I have started without finishing more posts than I can count. I have and still do find it very difficult to put down the words that will most likely open the sluice gates I am not sure I am willing to open.
We were living in Japan when we received the phone call from my mother telling me that my father had chosen to take his life. My mother felt it necessary to tell me before I read it on Facebook.
I don't want to talk about suicide now or how damn angry I am with him, I will at some stage, I need to share what life is like for those left behind. I do want to talk about how grief is like the scene of a train wreck.
For years I had prided myself in my ability to self-evaluate. I new I was insecure, or if I had treated someone unkindly. I was able to prejudge my emotions and navigate them before they caused damage. I have always been deep, but I had moved clear of the precipice leading to despair.

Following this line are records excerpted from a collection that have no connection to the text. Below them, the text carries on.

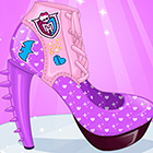 Побудьте дизайнером для учениц школы Монстр Хай. Придумайте для них невероятно красивый дизайн туфель в монстряшном стиле. На первом этапе вы сможете выбрать форму каблука и дополнительные элементы, на втором этапе выбрать цвет, а на последнем сможете украсить туфли наклейками Монстр Хай и дополнительными деталями.
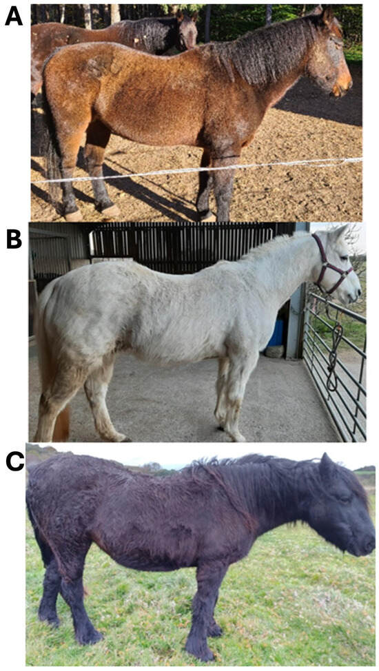 Photographic examples and description of each hypertrichosis score (1–3) assigned to study horses. (A) 1: Regional hair coat abnormalities/long hair growth restricted to discrete areas; (B) 2: Generalised hair coat abnormalities, slightly to moderately long hair coat; and (C) 3: Severely long and/or curly hair coat over the entire body.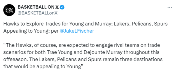 Jake Fischer报道称,老鹰队预计将在整个休赛期与对手球队就特雷-杨和德章泰-穆雷的交易方案进行接触。联盟消息人士透露,湖人队、鹈鹕队和马刺队仍然是对杨有吸引力的三个目的地,选秀球队并没有低估马刺交易得到状元签的可能性,这可能会为老鹰队选择克林根打开大门。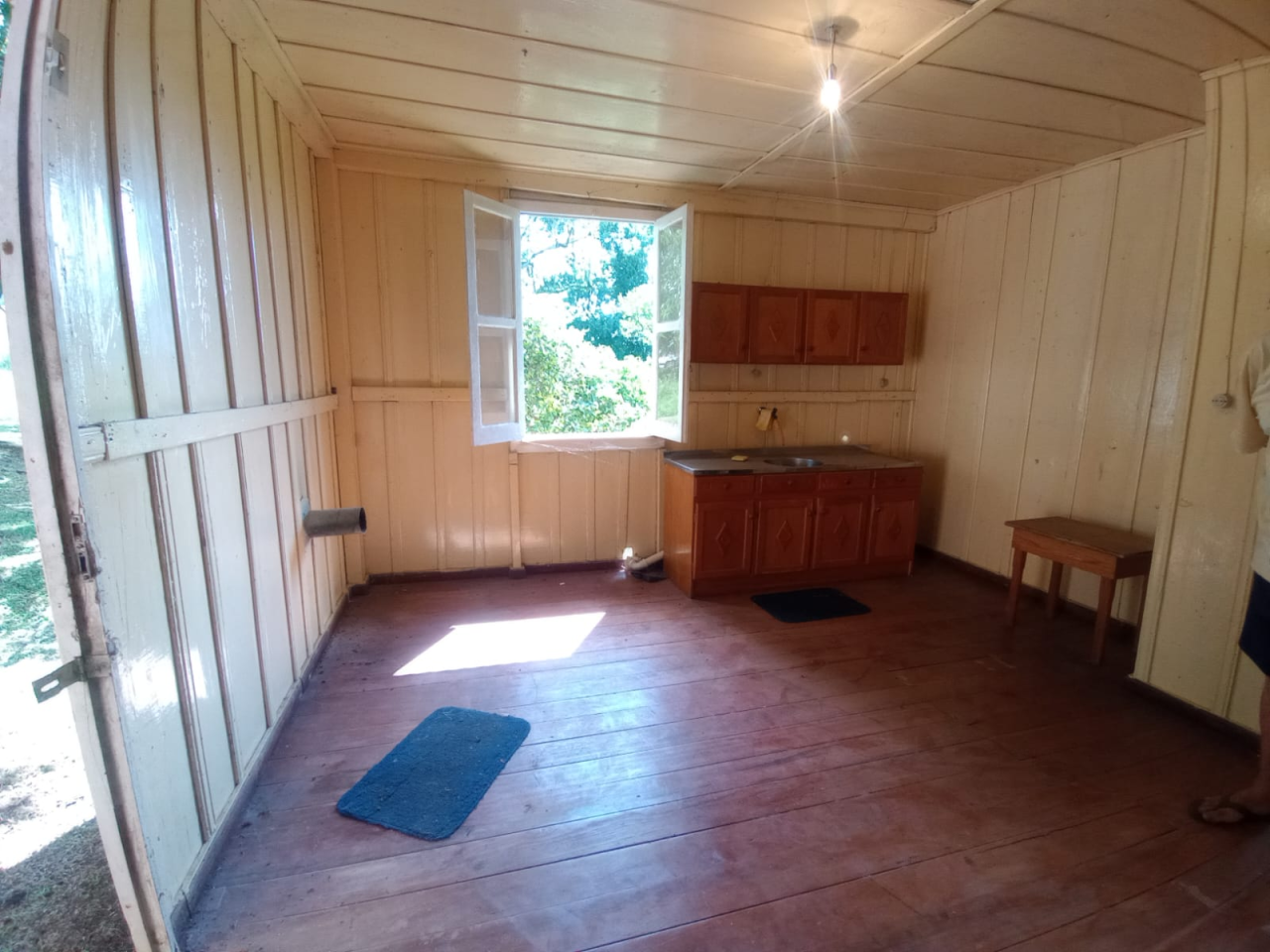 A propriedade conta com uma casa composta por dois dormitórios, sala integrada à cozinha e banheiro, proporcionando um ambiente funcional e acolhedor para o dia a dia.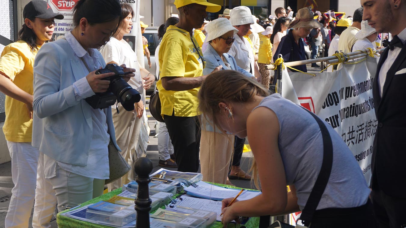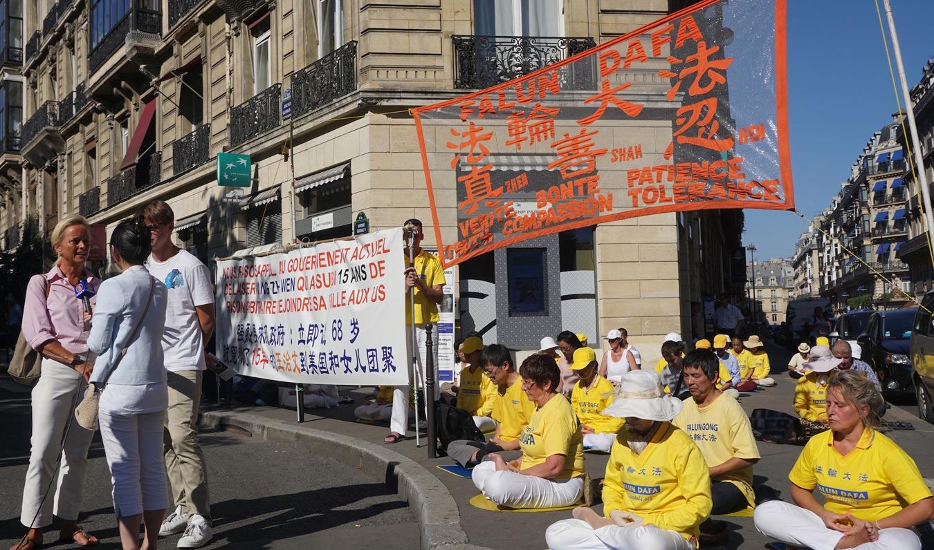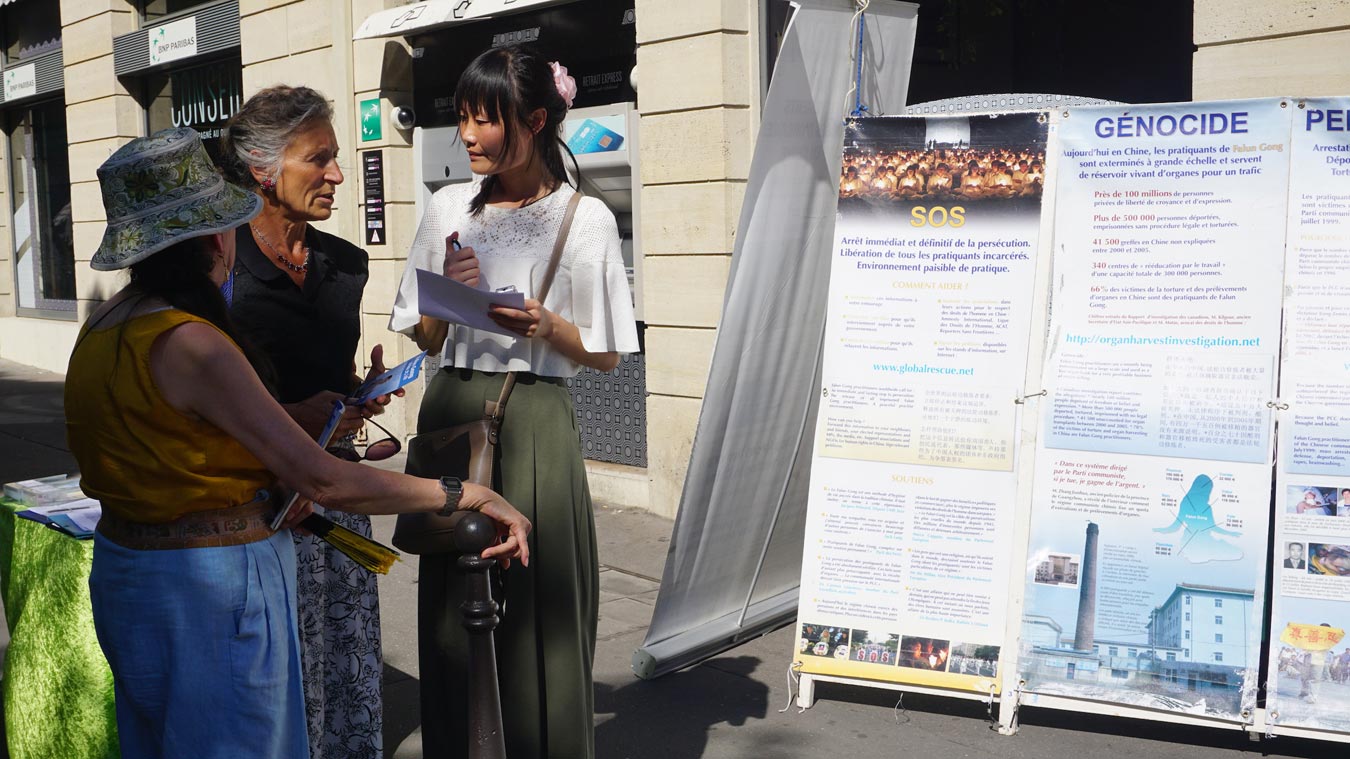 当天的巴黎,烈日炎炎。法轮功学员们在高温下祥和地炼功,并向过往行人揭露中共对法轮功的残酷迫害。在了解真相后,他们纷纷谴责中共的迫害行径,并表示对法轮功学员的支持。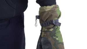 Genuine Austrian army mittens with Gore-Tex branded lining. Other features include: Extra long cuff to keep hands and wrists warm. Mittens can be clipped together when...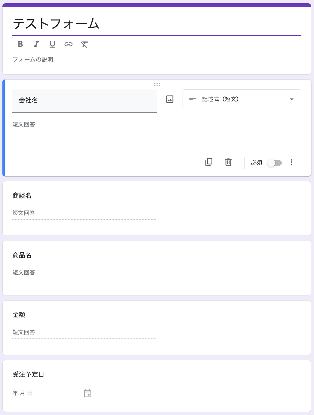 フローを作成する前に、テスト用のGoogleフォームを用意しましょう。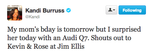 and Kandi must’ve gotten a deep discount on this audi for her sponsored tweet.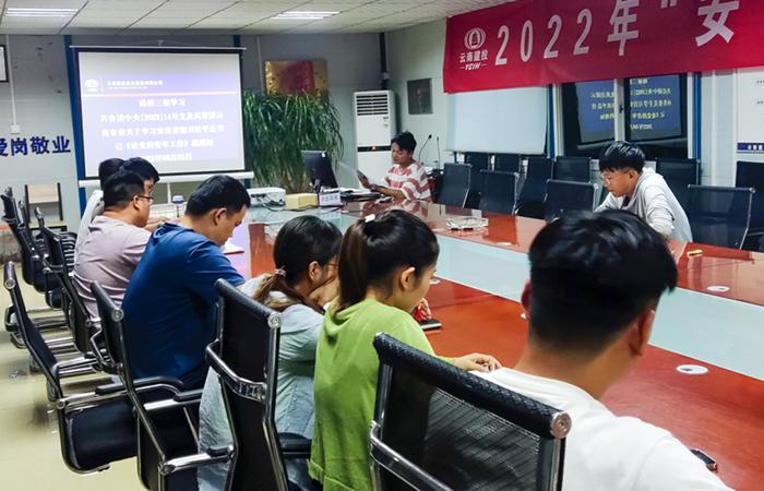 8月5日晚,路橋三部組織全體共青團(tuán)員及青年職工,在永金高速一分部項(xiàng)目部會(huì)議室學(xué)習(xí)共青團(tuán)中央[2022]14號(hào)文及共青團(tuán)云南省委關(guān)于學(xué)習(xí)宣傳貫徹習(xí)近平總書記《論黨的青年工作》的通知。會(huì)議深刻領(lǐng)悟團(tuán)中央“深刻認(rèn)識(shí)《論黨的青年工作》的重大意義,深刻領(lǐng)會(huì)《論黨的青年工作》的豐富內(nèi)涵,學(xué)懂弄通做實(shí)《論黨的青年工作》的核心要義”及團(tuán)省委“深入學(xué)習(xí)領(lǐng)悟,廣泛宣傳教育,抓好貫徹落實(shí)”的文件精神。同時(shí),摘選習(xí)近平總…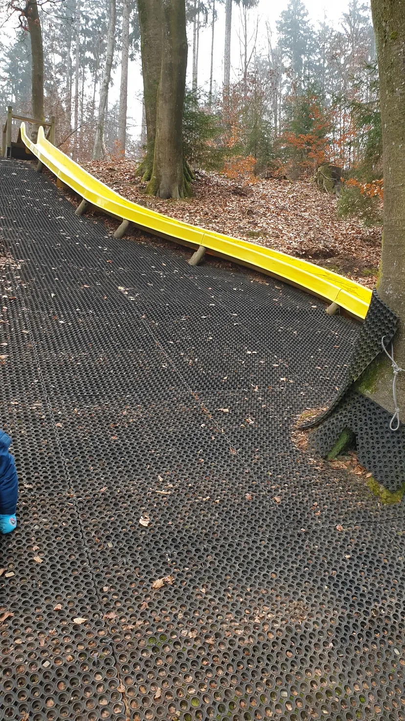 Spielplatz am Florianerweg in Vöcklabruck, Oberösterreich, ist Teil eines kinderfreundlichen Rundwanderwegs mit verschiedenen Erlebnisstationen. Der Weg umfasst zahlreiche Spielmöglichkeiten wie eine Riesenrutsche, Kletterelemente wie ein Spinnennetz, eine Hängebrücke und einen Motorikparcours mit Balancier- und Hörerlebnissen. Besucher schätzen die Vielfalt der Attraktionen entlang des Weges und die gute Erreichbarkeit mit Parkmöglichkeiten am nahegelegenen Seniorenheim, wobei die Rutsche als besonders schnell beschrieben wird.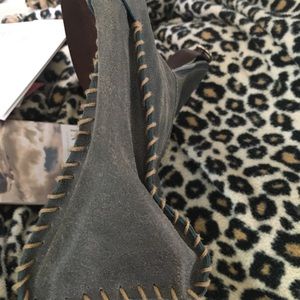 Blueish Grey purse with brown strap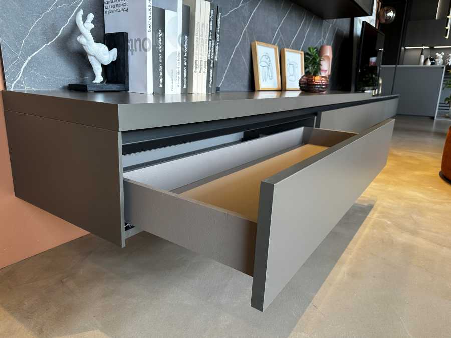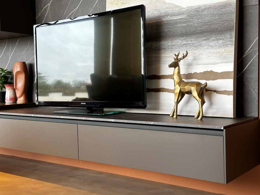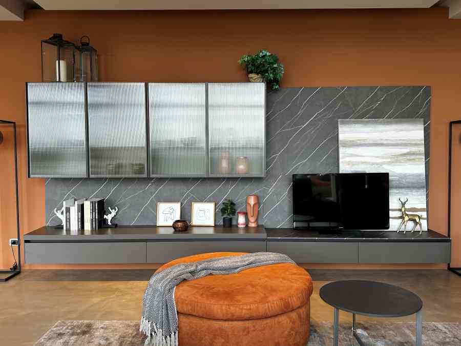 Il soggiorno Novamobili BOX 18 rappresenta l’essenza del design moderno, combinando eleganza e funzionalità in un’unica soluzione d’arredo. La sua struttura in laminato Quarzo seta offre una finitura raffinata e resistente, perfetta per chi cerca un tocco di classe senza rinunciare alla praticità. Le ante, anch’esse in Quarzo seta, si integrano armoniosamente con il resto della composizione, creando un effetto visivo di grande impatto.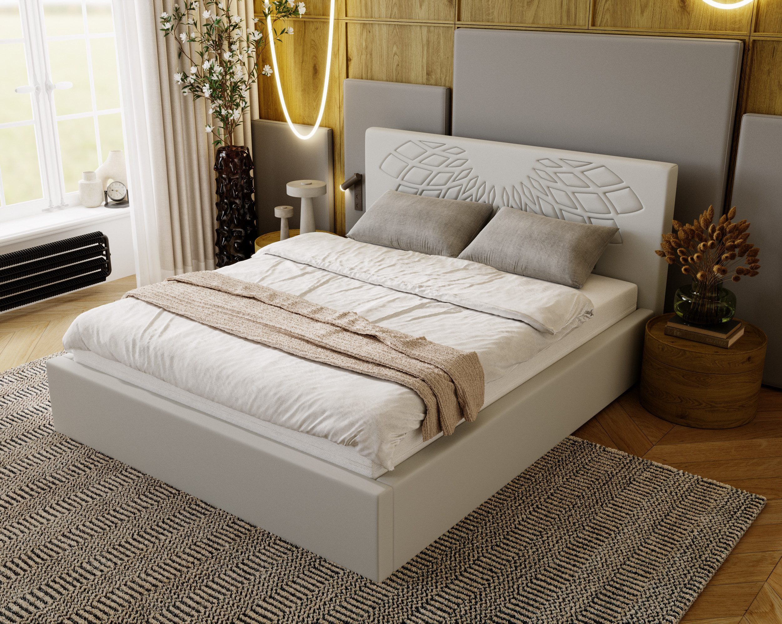 Das LOTUS Bett ist in vier Breiten erhältlich: 140, 160, 180 und 200 cm – jeweils mit 200 cm Liegefläche. Farblich stehen Beige, Hellgrau, Lavendelfarben und Dunkelbeige zur Wahl – ideal für moderne wie klassische Schlafzimmer.

Grief comes like a thief in the night. It robs you of what you hold most dear, but the realisation of loss only comes with the morning light.
In the process of losing him, I have lost part of myself.
Grief is like a building after an earthquake, the foundation is still there, but the structure lies in ruins.
I have found it harder as the years go on to rebuild or make sense of my life.
And do you know that when you have experienced trauma or tragic loss, life does not stop to allow you the time to process. In the 5 years since that phone call, the hard has been harder than I could ever have imagined.
I apologise for the heaviness and disconnectedness of this post.